Monday, October 23, 2017

Regular MRIs would help Move Medicine into the 21st Century

   Have you had your semi-annual MRI?
   Yesterday, I suggested that full-body MRIs might be a small improvement to our medical system. Today, though, I change my mind. MRIs could be a very significant improvement. Look at what they can detect or help detect: Strokes, tumors, heart problems, pinched nerves, multiple sclerosis, and dementia. And, that's just a partial list. If patients received regular MRIs, many, many of our maladies would be diagnosed quicker. extending life and extending health.
  While many of us get an annual physical, I wonder that now we are in the 21st Century if we shouldn't be getting a semi-annual MRI, and I mean full-body MRI. The capacity for detecting health problems through an MRI is . . .
   Significant might not be strong enough of a word.
   Often, successful treatment of cancer depends on early detection. If we had MRIs every six months, how many more times would we catch the cancer? How many lives would we save? It is the same with other maladies: Catch them early and it makes a difference. So, if you think having an MRI every six months is a little much, think again. There is no harm to often MRIs, so do them often.
   Now, we both can guess why MRIs are not a common thing. They are too expensive. I understand the average cost of one -- before insurance kicks in -- is $2600. We should be pushing to get the price down, to make this great health tool affordable.

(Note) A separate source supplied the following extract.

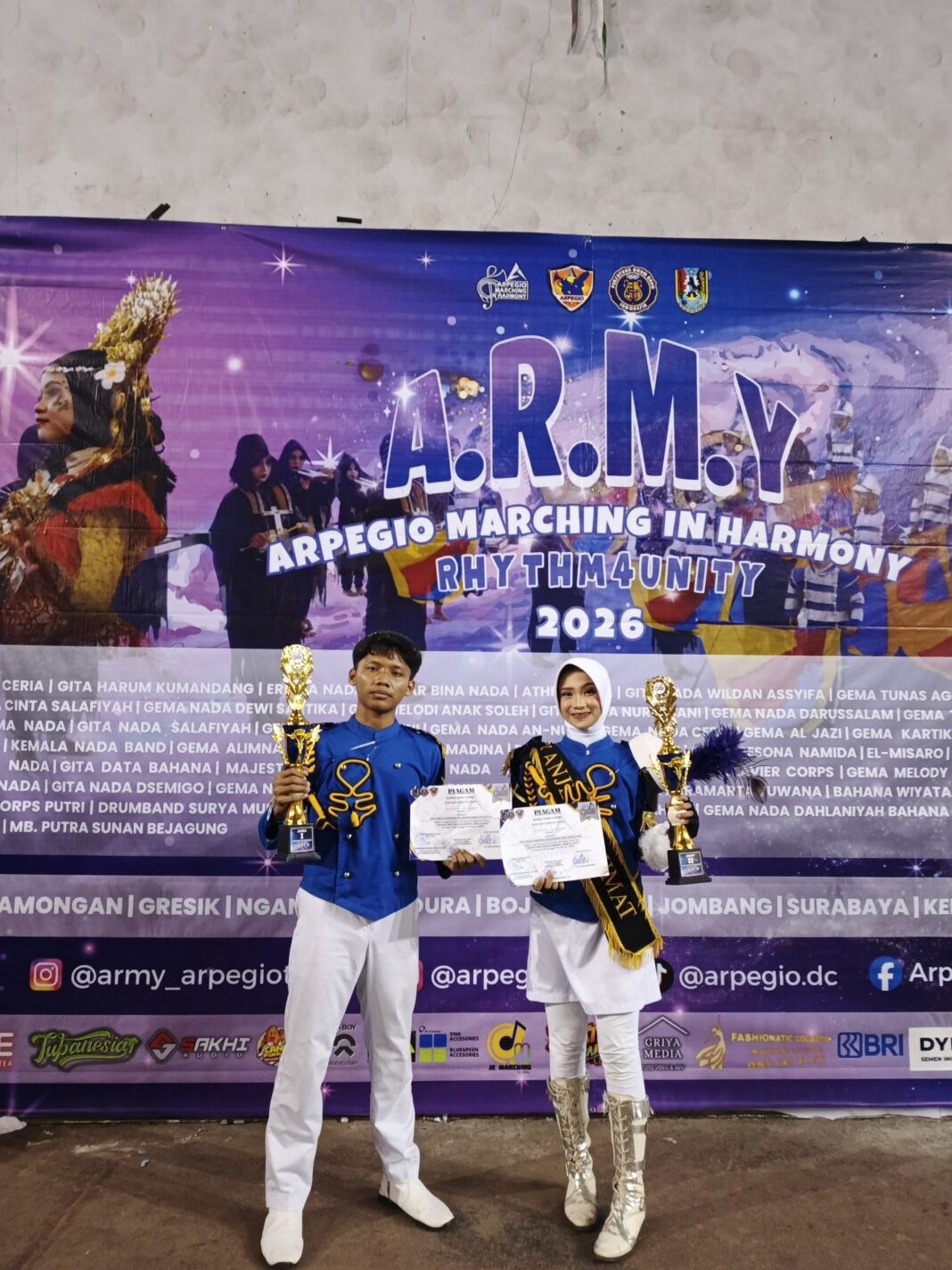 Nganjuk ,dutametro.com.— Kejuaraan Army Rhythm 4 Unity (sering disebut A.R.M.Y Rhythm 4 Unity) adalah kompetisi drum band/marching band bergengsi yang fokus pada teknik, kekompakan, dan leadership (terutama drum major). Ajang ini menjadi tempat unjuk bakat bagi pelajar dari tingkat TK/RA hingga menengah. Acara ini berfokus pada pengembangan bakat marching band di tingkat daerah, khususnya di Jawa Timur.

Just like seeking a cure for cancer is a goal, so should be reducing the price of an MRI.
   The MRI should be the physical of the 21st Century. If we are to move medicine into the 21st Century, this is one of the things we should do.

Sunday, October 22, 2017

Full-body Scans

   Tonight's suggested improvement of the health-care system is perhaps a small one: Do full-body MRIs.
   When a person gets an MRI, it targets a certain part of the body. I don't understand why, while we've got the MRI machine up and running, we don't get as much information as we can. At no extra cost. 
   I don't know whether an MRI machine has a limited number of hours in its life. If so, then perhaps there is reason for limiting the MRI to just part of the body. My thought, though, is that there shouldn't be much of an expense for keeping the machine running an extra few minutes in order to get a full-body scan. That way, you not only find what you are looking for, but you can look at the rest of the body to see if anything anywhere is amiss, perhaps finding something you aren't looking for that would therefore otherwise go undetected. 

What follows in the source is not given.